Peter Hayden Dinklage (/ˈdɪŋklɪdʒ/; born June 11, 1969) is an American film, television and stage actor. He received international recognition for portraying Tyrion Lannister on the HBO television series Game of Thrones (2011–2019), for which he won the Primetime Emmy Award for Outstanding Supporting Actor in a Drama Series a record of four times. He also received a Golden Globe Award in 2011 and a Screen Actors Guild Award in 2020 for the role.
Dinklage studied acting at Bennington College, performing in a number of amateur stage productions. He made his film debut in the black comedy Living in Oblivion (1995), and had his breakthrough with a starring role in the 2003 comedy-drama The Station Agent. His other films include Elf (2003), Lassie (2005), Find Me Guilty (2006), Penelope (2006), Underdog (2007), Death at a Funeral (2007), The Chronicles of Narnia: Prince Caspian (2008), Death at a Funeral (2010), X-Men: Days of Future Past (2014), Pixels (2015), and Three Billboards Outside Ebbing, Missouri (2017). In 2018, he appeared as Eitri in the Marvel film Avengers: Infinity War and Hervé Villechaize in the biopic film My Dinner with Hervé. He also provided voice-acting for the video game Destiny.
Dinklage has also performed in theater, with roles such as the title character in Richard III (2003) at the Public Theatre, Rakitin in A Month in the Country (2015) at Classic Stage Company, and Cyrano de Bergerac in Cyrano at the Daryl Roth Theatre in 2019.
Dinklage has a common form of dwarfism known as achondroplasia; he stands 4 ft 5 in (1.35 m) tall. He has used his celebrity status to raise social awareness concerning dwarfs.
Early life
Dinklage was born on June 11, 1969, either at the Jersey Shore region of New Jersey, or in Morristown, New Jersey, to John Carl Dinklage, an insurance salesman, and Diane Dinklage, an elementary-school music teacher. Of German and Irish descent, he grew up in the historic Brookside section of Mendham Township, with his parents and older brother, Jonathan. He is the only member of his family with achondroplasia.
As a child, Dinklage and his brother performed puppet musicals for people in their neighborhood. He has described his brother Jonathan as being the "real performer of the family," saying that his brother's passion for the violin was the only thing that kept him from pursuing acting. (Jonathan graduated from the Mason Gross School of the Arts at Rutgers University and is a violinist and concertmaster for the musical Hamilton.)
Dinklage had his first theatrical success in a fifth-grade production of The Velveteen Rabbit. Playing the lead, he was delighted by the audience's response to the show.
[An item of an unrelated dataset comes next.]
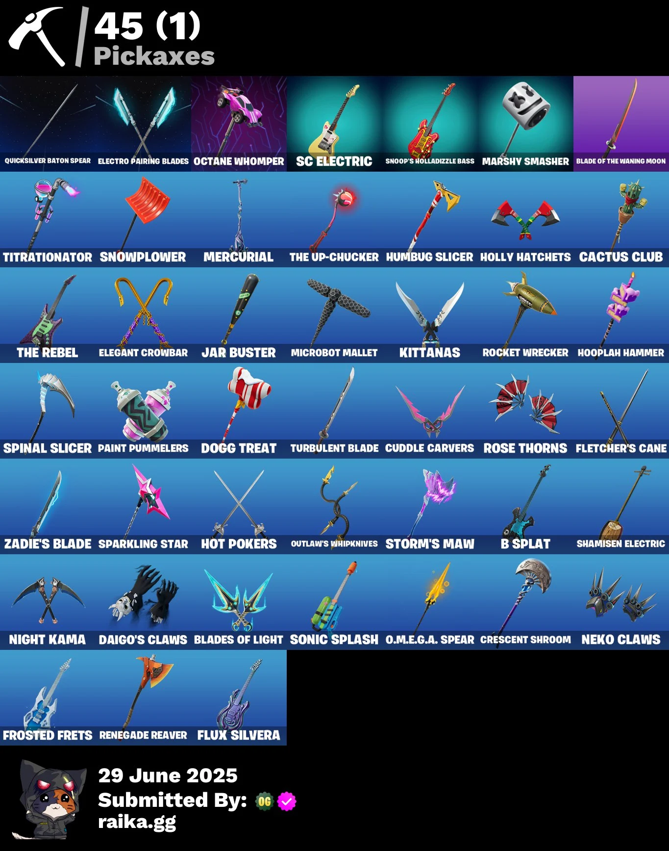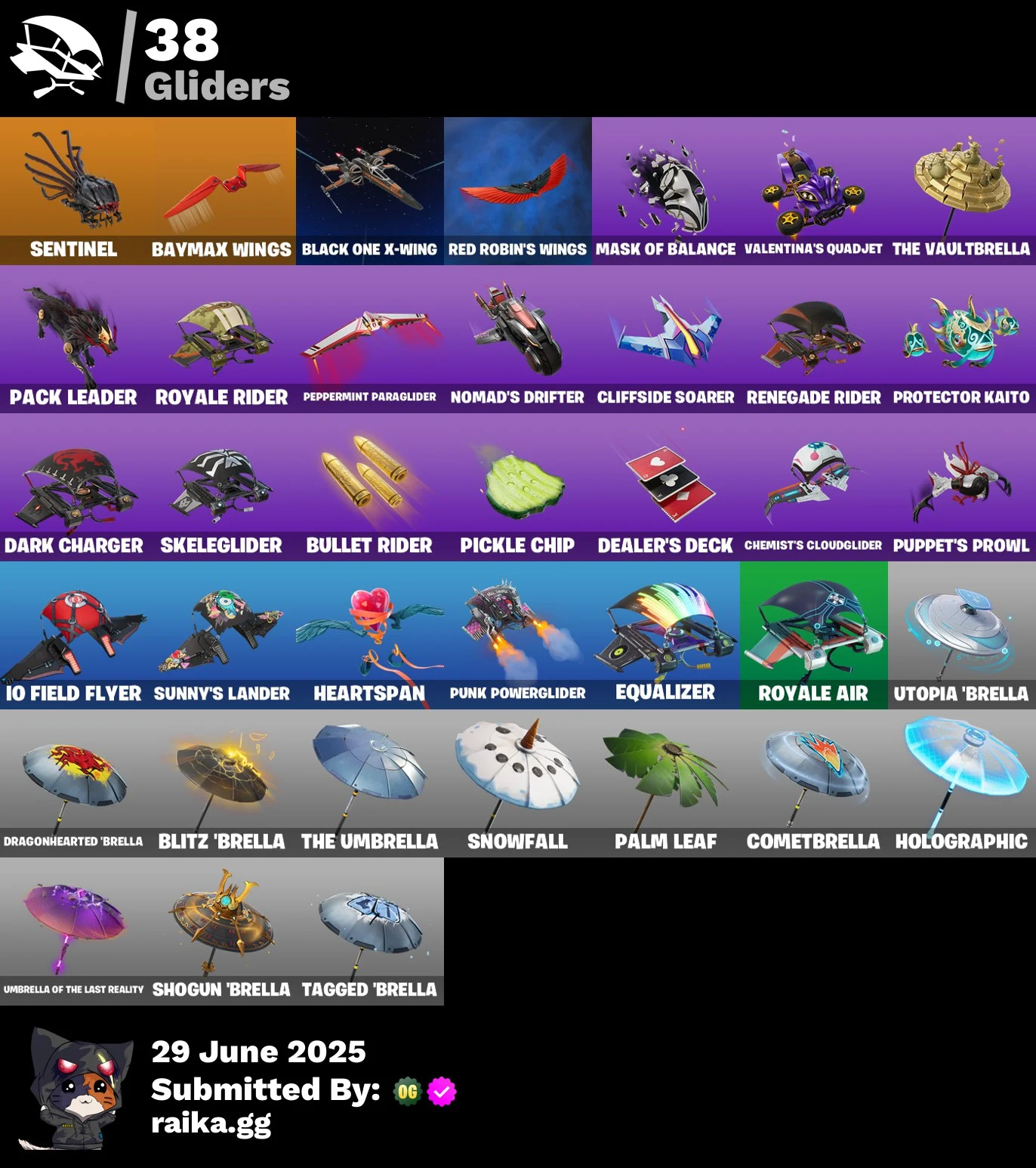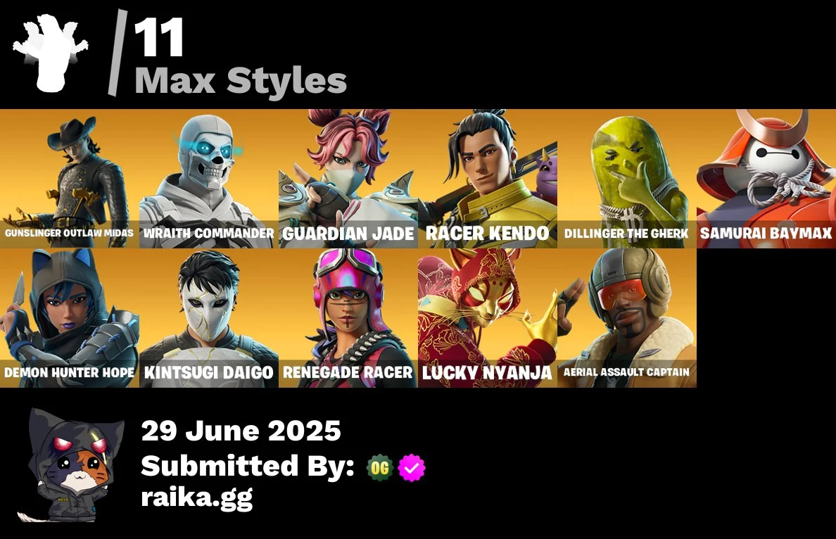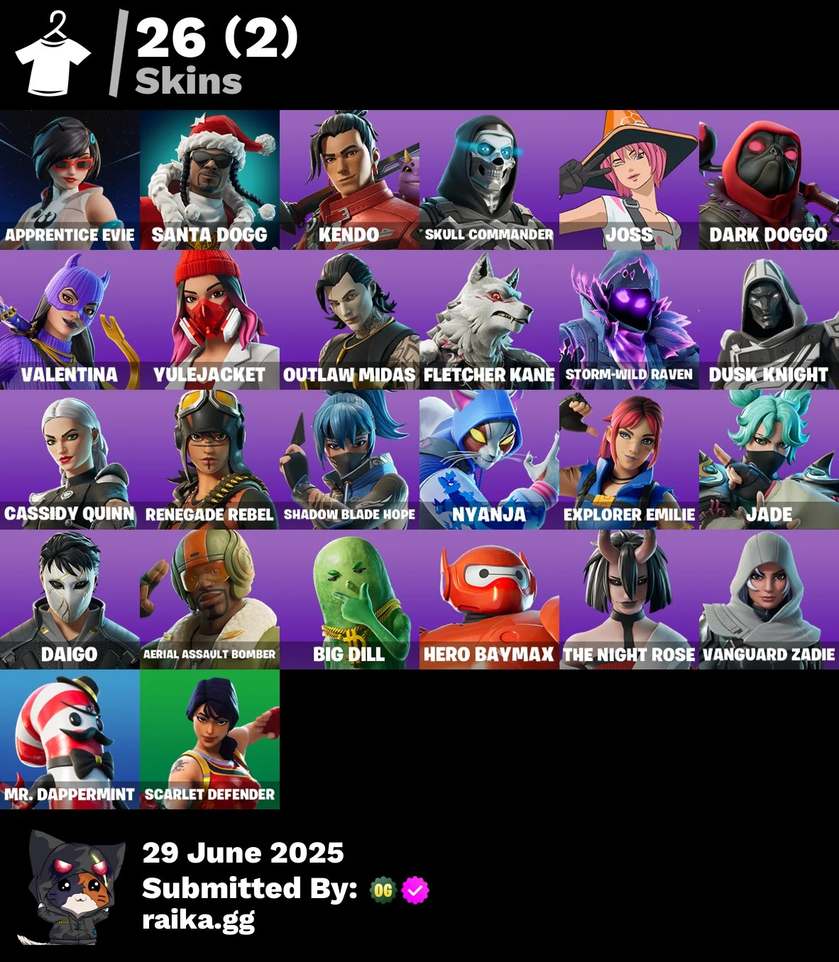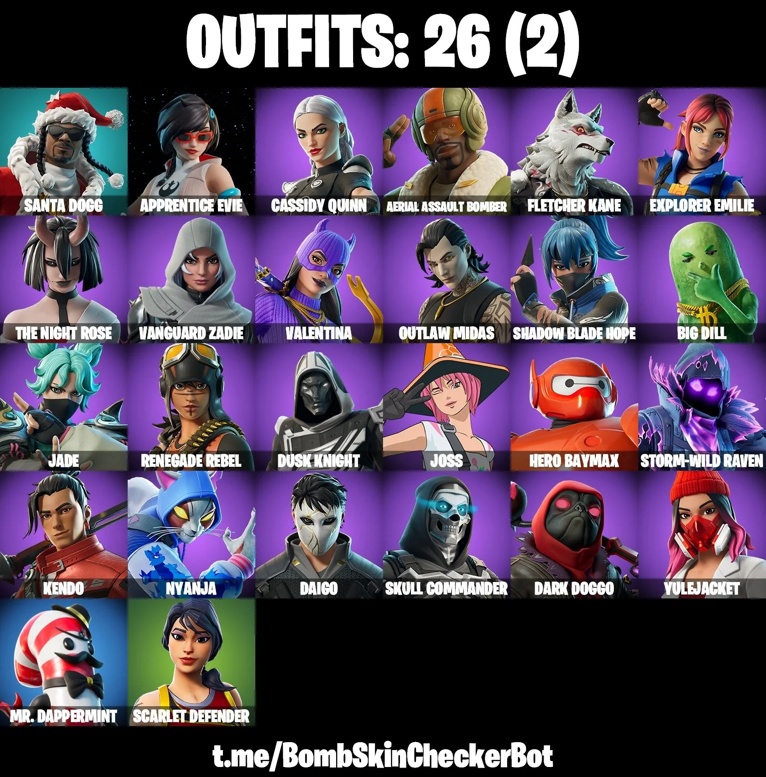 26 skins | Apprentice Evie | Santa Dogg | Kendo | Skull Commander | Joss | Dark Doggo | Valentina | Yulejacket | Outlaw Midas | Fletcher Kane | Nai@1

He attended Delbarton School, a Catholic preparatory school for boys, where he developed his acting skills. In 1984, he was inspired by a production of the play True West, by American playwright Sam Shepard, to pursue an acting career.
He then attended Bennington College, where he studied for a drama degree and appeared in numerous productions before graduating in 1991. He moved to New York City with his friend Ian Bell to build a theater company. Failing to pay the rent, they moved out of their apartment. He lived in New York for 20 years in Williamsburg and the West Village. He then worked at a data-processing company for six years before pursuing a career as a full-time actor.